[Python-ideas] Visually confusable unicode characters in identifiers

Steven D'Aprano steve at pearwood.info
Tue Oct 2 03:32:06 CEST 2012

On 02/10/12 05:29, Massimo DiPierro wrote:

> it does make sense. The only point I tried to make is that,
> because something is allowed, it does mean it should be
> encouraged. I am sure there are instructors who want to teach
>to code using Japanese of Chinese variable names. Python gives
> them a way to do so. Yet, if they do so, they would be
>isolating their students and their code from the rest of the

People very often over-estimate the cost of that isolation, and
over-value access to the rest of the world.

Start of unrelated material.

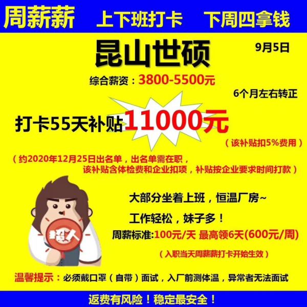 吴小杰发来打工网关于昆山世硕的招聘信息显示,通过此中介渠道进入的员工为“周薪薪”模式,“上下班打卡,下周四拿钱”,周薪标准为100元一天,最高领6天,综合薪资在3800—5500元(有的为5200—7000),6个月转正。而每一天的补贴(返费)都不一样,差价在上百到上千。

The average open source piece of software has one, maybe two,
contributors. What do they care if millions of English-speaking
programmers can't contribute when they weren't going to contribute
regardless of the language? Perhaps the convenience of being able
to read your own code in your own native language outweighs the
loss of being able to attract contributors that you can't even
talk to.

And for proprietary software, again it is irrelevant. If a Chinese
company writes Chinese software for Chinese users with Chinese
developers, why would they want to write it in English? Perhaps
they have little choice due to the overwhelming trend towards English
in programming languages, but there's no positive benefit to using
a non-native language.

Quite frankly, and I'm saying this as somebody who only speaks
English, I think that the use of English as the single lingua franca
of computer programming is as unnecessary (and ultimately as harmful)
as the use of Latin and then French as the sole lingua franca of
science and mathematics. I expect that it too will be a passing phase.

By the way, are you familiar with ChinesePython and IronPerunis?